_Work required_
Exact repetition of a range: find the line containing "Black and white" and the line containing "Female Death Registration: Year: 1973" in the material below, then repeat both and all lines between them, leaving pictures out.

_Data to use_
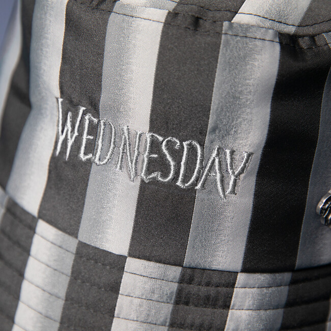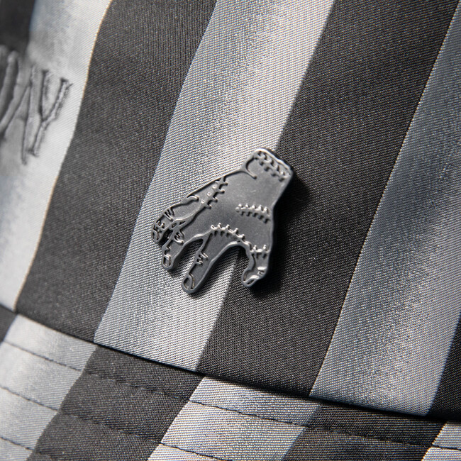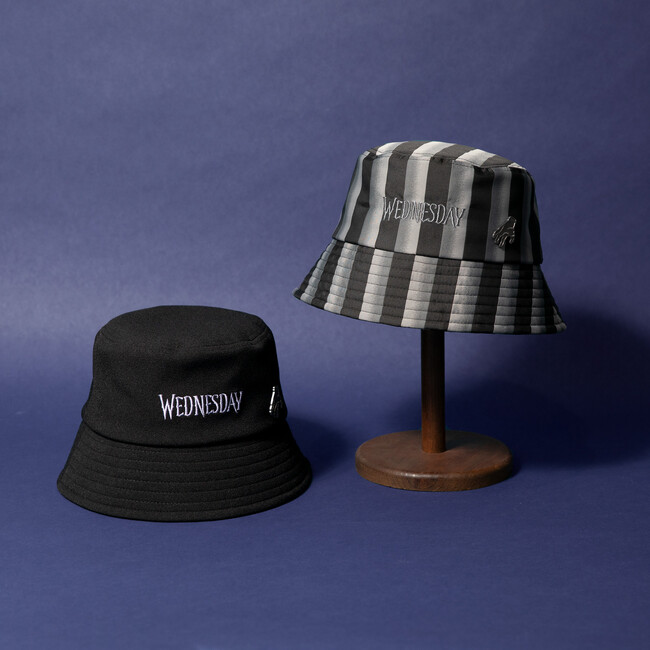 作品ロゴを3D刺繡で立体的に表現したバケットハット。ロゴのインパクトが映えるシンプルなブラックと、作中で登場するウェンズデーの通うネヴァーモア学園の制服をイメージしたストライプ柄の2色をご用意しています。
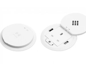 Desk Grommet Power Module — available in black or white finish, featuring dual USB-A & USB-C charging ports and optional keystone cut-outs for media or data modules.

---

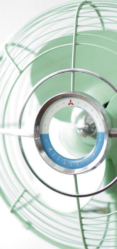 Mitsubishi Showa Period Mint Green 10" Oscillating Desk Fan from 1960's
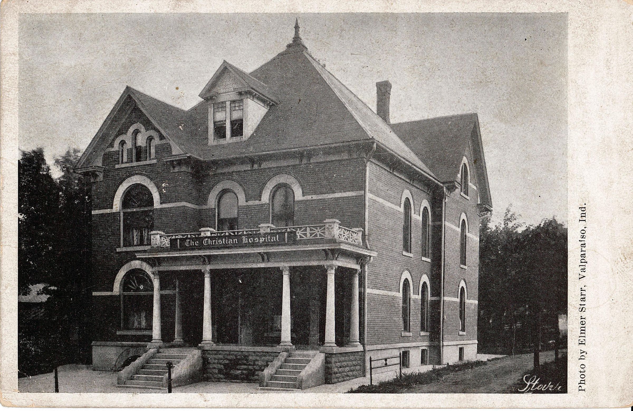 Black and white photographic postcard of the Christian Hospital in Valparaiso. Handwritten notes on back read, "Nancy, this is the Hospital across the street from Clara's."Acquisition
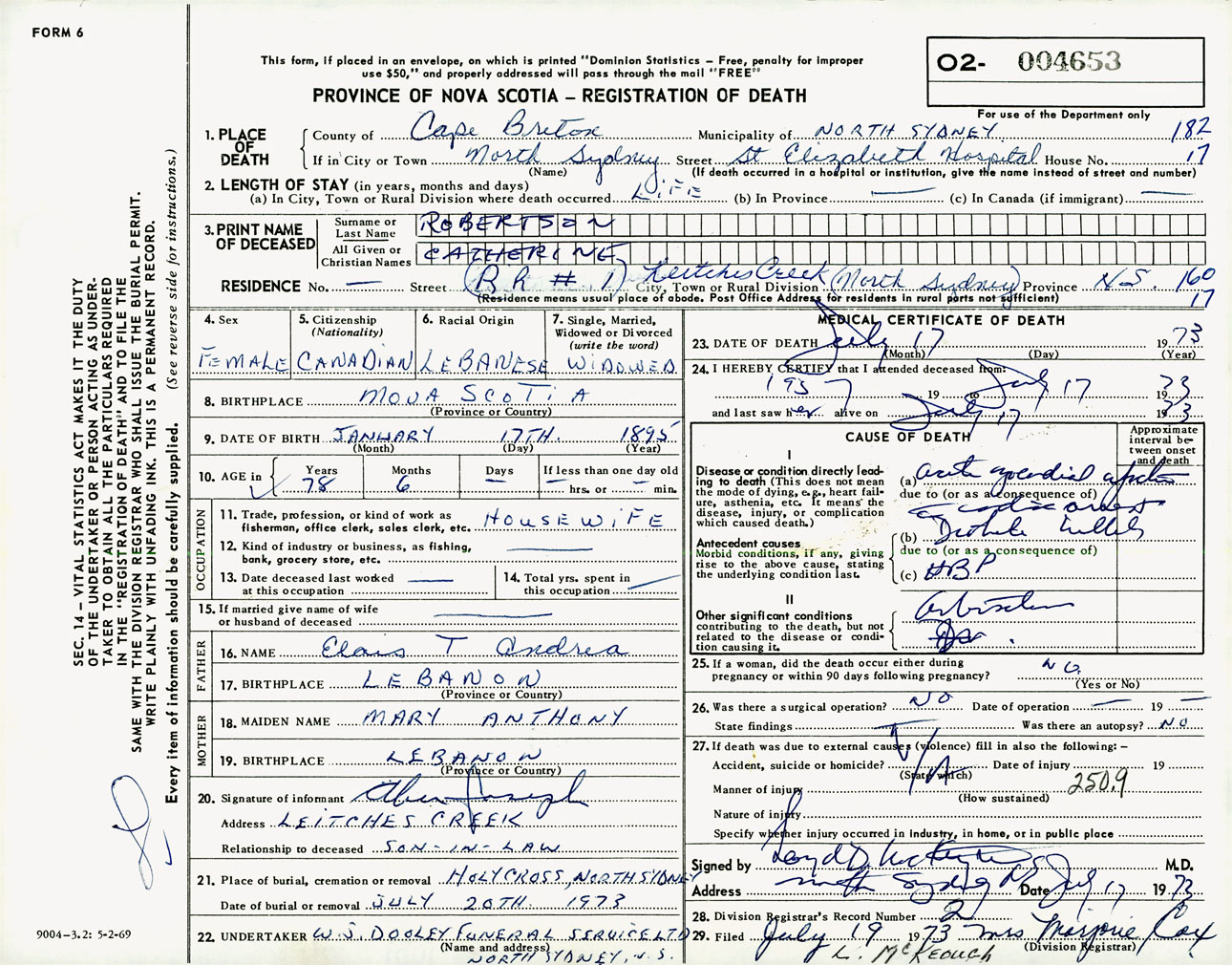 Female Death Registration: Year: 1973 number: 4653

_Your response_
 Black and white photographic postcard of the Christian Hospital in Valparaiso. Handwritten notes on back read, "Nancy, this is the Hospital across the street from Clara's."Acquisition
 Female Death Registration: Year: 1973 number: 4653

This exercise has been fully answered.